Como toda población, Iguala es un lugar de leyendas y tradiciones, las cuales ha pasado de generación en generación de manera oral por lo que no se han perdido y siguen contándose de manera sabrosa a las nuevas generaciones, una de estas leyendas es · “La carroza de la muerte “, a la que se ha dado vigor y como consecuencia logra la atención de quien la escucha.

A finales del siglo pasado el barrio del Juanacate era un caserío disparejo, en donde lo mismo habían enormes casonas que jacales en sus orillas; en este barrio tuvo un gran establecimiento comercial don Nicolas Linche, cuya tienda de abarrotes “Las Glorias del Mundo”, era también un centro de reunión de Viejos Igualtecos, quienes por la noche solían platicar de sus muchas cosas.

Esas noches solían ser por lo general lóbregas, ya que después de las diez de la noche, los contados vecinos que colocaban algunas lámparas y faroles para alumbrar la calle los metían quedando ésta como si fuera la boca de un lobo. Los pocos trasnochados tenían cuidado para llegar a su casa a todas deshoras, por que era fama que el maleficio se extendía por toda la barriada.

Juan y Francisco, dos muchachos que tenían su hogar en el Juanacate, atendían a extramuros de la población una pequeña tierra de labor; sin sentirlo la horas se les fueron pasando hasta que la noche tendió su manto oscureciéndolo todo. Serian como las doce de la noche de un día del mes de septiembre de 1889, cuando luego de su faenas agrícolas retornaban a sus hogares, por la calle que ahora lleva el nombre de Joaquín Baranda, conociéndole entonces simplemente como la del “Ámate” porque un corpulento árbol de esa variedad crecía a placer, su sombra se hacia pesada, como si cobijara en ella algún espíritu maligno.

Iban Juan y Francisco platicando de lo que esperaban de su sementera, cuando de pronto escucharon en medio de la oscuridad, el aparatoso ruido de unas ruedas metálicas de algún carruaje, acompañada del trote de algunos caballos de cuyos cascos herrados chocaban contra las lozas del empedrado sacando algunas chispas. La sangre se les heló cuando el carruaje pasó casi atropellándolos, llevando en su interior un esqueleto, cuyas huesudas manos guiaban las riendas.

Al pasar a su lado, ese cuerpo carente de carne los miró fijamente, pudiendo advertir que de sus cuencas sin ojos le salían luces de colores, las que se desvanecían conforme la carreta avanzaba lentamente, hasta llegar a ese frondoso ámate en donde como por arte de magia desaparecía, volviendo a quedar un ambiente de tranquilidad, solo turbado por un ambiente caliente que hacia crujir las ramas de ese imponente ámate.

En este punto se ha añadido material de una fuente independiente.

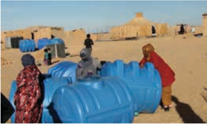
Ur zerbitzua bermatzeko plastikozko edukiontzia Sahara aldean.
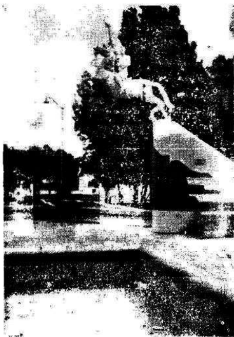
ESTATUA DE ABDON CALDERON EN TULCAN

vicios, la provincia de Túquerres y una fuerte suma de dinero afirmando que así lo había prometido Mosquera. Aprovechando la confusa situación, Pasto y Túquerres proclaman su anexión al Ecuador la que inmediatamente es acogida por don Juan José. Sin embargo, el gobierno granadino rechaza firmemente la maniobra, por lo que Flórez renuncia a la incorporación de las provincias. En conversaciones adelantadas en Túquerres, Ecuador pide la firma de un nuevo tratado, propuesta que es rechazada por el delegado colombiano.
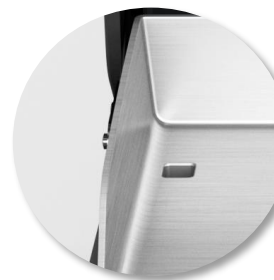
Evacuation des graisses par l'arrière, évitant ainsi les projections vers l'avant lors de l'utilisation
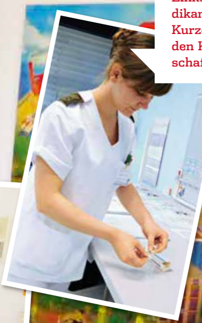
Links: Ich bereite Medikamente vor. Rechts: Kurze Mittagspause mit den Kollegen im Gemeinschaftsraum
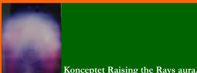
Konceptet Raising the Rays aura.

Med disse unikke Once in a Life-time aurabilleder har jeg, foruden egen clearness, bevist, at vi alle lever i et hologram... Det eneste bevis i verden. Det er sindssygt at tænke på.
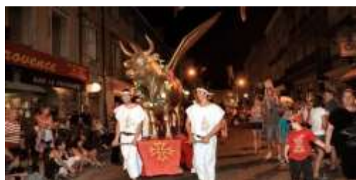
Le Volo Biou de St Ambroix (30) (Témoin du Tamarou)

Los dos campesinos quedaron helados de terror, Juan al ver ese cuerpo huesudo se desvaneció sobre una pared de adobe, en tanto que su compañero quedó petrificado sin poder dar un solo paso, con el habla cortada por la terrible impresión. Al amanecer los cuerpos de los dos jóvenes fueron encontrados sin vida; en sus rostros podía advertirse que algo sobrenatural habían mirado que los llevo a la tumba. Otras personas que por muchos motivos tuvieron que abandonar sus hogares para ir a algún mandado, pero que tuvieron mejor suerte en los labriegos, contaban haber visto a una mujer elegantemente vestida, toda ella de negro, enjoyada a más no poder, conduciendo ese carruaje. En lugar de perfume el ambiente se enrarecía dejando un penetrante olor a carne descompuesta. Luego de cruzar la calle se perdía en la distancia; escuchándose al poco un largo lamento.

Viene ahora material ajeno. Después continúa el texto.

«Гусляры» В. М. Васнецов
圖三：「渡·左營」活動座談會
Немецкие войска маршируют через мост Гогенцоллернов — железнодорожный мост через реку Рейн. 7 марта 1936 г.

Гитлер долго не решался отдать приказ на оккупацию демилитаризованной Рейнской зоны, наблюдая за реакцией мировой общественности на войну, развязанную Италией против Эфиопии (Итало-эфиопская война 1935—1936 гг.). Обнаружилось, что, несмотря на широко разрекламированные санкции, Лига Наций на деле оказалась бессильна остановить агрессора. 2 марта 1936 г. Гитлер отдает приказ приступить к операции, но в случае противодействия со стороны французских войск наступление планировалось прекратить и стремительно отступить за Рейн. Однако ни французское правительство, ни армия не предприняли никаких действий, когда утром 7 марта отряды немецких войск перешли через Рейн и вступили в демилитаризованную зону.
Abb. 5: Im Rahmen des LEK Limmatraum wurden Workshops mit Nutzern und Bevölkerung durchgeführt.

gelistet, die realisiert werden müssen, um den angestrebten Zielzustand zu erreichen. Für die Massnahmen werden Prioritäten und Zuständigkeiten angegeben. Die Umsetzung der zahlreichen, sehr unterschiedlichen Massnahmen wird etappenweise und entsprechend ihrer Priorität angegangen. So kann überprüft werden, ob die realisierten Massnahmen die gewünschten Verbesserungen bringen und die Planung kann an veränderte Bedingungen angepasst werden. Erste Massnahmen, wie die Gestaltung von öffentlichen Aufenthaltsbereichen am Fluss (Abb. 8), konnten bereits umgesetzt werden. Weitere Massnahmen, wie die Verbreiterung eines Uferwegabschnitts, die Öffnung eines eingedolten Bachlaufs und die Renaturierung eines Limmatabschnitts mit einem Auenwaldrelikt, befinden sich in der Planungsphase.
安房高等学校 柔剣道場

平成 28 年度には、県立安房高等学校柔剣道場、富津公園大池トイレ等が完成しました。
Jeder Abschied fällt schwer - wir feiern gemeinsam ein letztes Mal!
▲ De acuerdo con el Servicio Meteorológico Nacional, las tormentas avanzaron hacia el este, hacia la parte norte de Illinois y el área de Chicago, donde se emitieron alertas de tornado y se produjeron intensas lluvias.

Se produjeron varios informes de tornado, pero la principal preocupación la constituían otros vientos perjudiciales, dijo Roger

Durante muchos años exactamente a las doce de la noche, los moradores del barrio del Juanacate escuchaban el ruidoso paso de la carroza de la muerte, sin atreverse a salir y en cambio rezar acongojados, plegarias para que sus rogativas fueran escuchadas por el altísimo, desterrándose ese maleficio que tenia aterrorizado a todo el vecindario. 

A partir que Iguala fue electrificada a principios de las años 30’s de este siglo, el barrio de Juanacate recibió el beneficio de la luz artificial; también el tiempo provoca que las viejas casas fueran demolidas por la piqueta, levantándose en su lugar viejas residencias.

El ámate fue cortado haciéndose con el leña que la gente pobre se encargó de vender .

Desde entonces nadie volvió a ver esa misteriosa carroza de la muerte, quedando sólo la leyenda.